NCAA Basketball: N.C. State at Duke Rob Kinnan-USA TODAY Sports

With a little extra time off from football season (seasonal affective disorder), we can look forward to basketball! There’s a lot of uncertainty about the new players and how they’ll replace the talent that we lost. But one thing is certain: we’re going to have a ranking between 1 and 362 from the NCAA Evaluation Tool (“NET”). And after a few years of looking at it, I have a very good idea of how that ranking is made.

The NET has been pretty kind to NC State since its debut in the 2019 season. You may remember that as the year that we beat Auburn before their Final Four run, we took Virginia to overtime before their National Championship run, and we definitely scored more than 23 points in every single game. The NCAA told us that the NET had five components: a “Team Value Index” that uses win-loss results, an efficiency calculation for the advantage in points per possession, the winning percentage in two different ways, and the scoring margin capped at 10 points per game. That led to some interesting tactics where teams would desperately try to get to a 10-point win. And after several months of uncertainty about how the NET would be used, the committee decided that the #33 team in its fancy new ranking should miss its 68-team tournament. There were some valid concerns that the NET gave too much credit to beating up on bad teams but I appreciated how the rankings captured our narrow losses to good teams too.

Starting with the 2021 season, the NET formula dropped the winning percentages and the scoring margin. It adjusted the Net Efficiency for opponent strength and it kept the Team Value Index. So the NET’s inputs are pretty simple. For each game, you just need to know the points per possession, the location, and the winner & loser. But how are those things used? The formula is a secret! Well, you can start by Googling it. Seriously, the NET was made with Google Cloud and they told us exactly how they like to calculate efficiency and adjust for strength of schedule.

The EFFICIENCY is the difference in the score per 100 possessions. Possessions are estimated by the number of field goal attempts minus the number of offensive rebounds plus the number of turnovers plus 0.475 times the number of free throw attempts. Let’s pick a game at random from last year, say NC State over North Carolina 77-69. That’s an 8-point margin of victory. If you imagine that each team got 100 possessions, the margin would be 12.78 points. That’s 100 times (77 points divided by (71 field goal attempts minus 10 offensive rebounds plus 2 turnovers plus 0.475 times 10 free throw attempts) minus 69 points divided by (62 field goal attempts minus 18 offensive rebounds plus 13 turnovers plus 0.475 times 24 free throw attempts)).

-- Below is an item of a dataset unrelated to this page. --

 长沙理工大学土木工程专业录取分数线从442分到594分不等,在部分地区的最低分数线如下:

Now that we have that 12.78 calculated, make variables like “team_ncstate” and “opponent_northcarolina” and give both a value of 1. Make variables for the hundreds of other teams and opponents and give those variables a value of 0. Give a value of 1 for hca (home court advantage) because NC State was at home. That’s one row of information. Make another row from the other team’s perspective. (The efficiency is negative 12.78, team_northcarolina is 1, opponent_ncstate is 1, and the hca is negative 1.) Do that for all games and perform ridge regression to determine every team’s efficiency number. You may remember regression from a math class. For example, if you have information from a thousand house sales, you can estimate the difference in price for having a garage. Here we’re estimating the difference in points per 100 possessions for every team. We’re also estimating the home court advantage, which is considered the same for every team. Note that this calculation only sees a small difference between winning by 1 or losing by 1, but it sees a big difference between winning by 10 or 50.

The remaining component is the “Team Value Index” which only considers wins, opponents, and location. I tried a lot of things to find this. Ridge regression, logistic regression, markov chains, Massey’s Method, Colley Matrix, every network centrality I could think of, and every computer ranking I could find. I eventually found one thing that worked well.

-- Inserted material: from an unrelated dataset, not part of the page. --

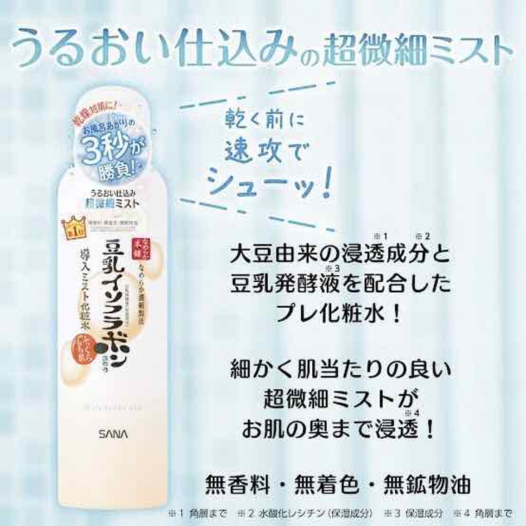 - 2023年2月7日リニューアル 1.高純度豆乳イソフラボン※1×豆乳発酵液※1×ヒト型セラミド※2配合 九州産丸大豆「ふくゆたか」から作られた高純度豆乳イソフラボン※1と豆乳発酵液※1を贅沢に配合。 さらにヒト型セラミド※2配合でお肌にうるおいを与えます。 2.超微細ミストでうるおいケア! 毛穴より細かく、肌あたりの良いマイクロミストが角層まで浸透※3し、うるおいのあるお肌に導きます。 大豆由来の浸透※3成分※4がお肌に必要な油分と水分の両方を引き付けながら浸透※3! 化粧水やオールインワンジェルの前の使用がおすすめです。 3.全身にもより使いやすく! 倒立(逆さ)での使用も可能。背中など、全身にもお使いいただきやすくなりました。 4.無香料・無着色・無鉱物油 5.各種試験を実施 ・アレルギーテスト済み ・パッチテスト済み (すべての方にアレルギー等が起きないというわけではありません) ※1 保湿成分 ※2 セラミドNG(保湿成分) ※3 角層まで ※4 水酸化レシチン(保湿成分)

The VALUE can be estimated with a Bradley-Terry model. Bradley-Terry has been used in rankings for over 70 years. I believe it was in one of the BCS football rankings. It adjusts well for strength of schedule and it gives logical results even when most teams don’t play each other. You can imagine a grid with 362 rows and 362 columns, with a value for how many times every team beat every other team. The grid is mostly full of 0’s because most teams don’t play each other, but there are a few 1’s and 2’s and 3’s in there. Actually, there’s an adjustment for game location. Teams get a credit of 1 for a neutral win, 0.6 for a home win, and 1.4 for an away win. Each team is also assigned a win and a loss against a fictional team, so that undefeated teams don’t have infinite value and winless teams don’t have zero value. Then there’s some math to assign every team a strength rating which maximizes the likelihood of getting the wins and losses that actually happened.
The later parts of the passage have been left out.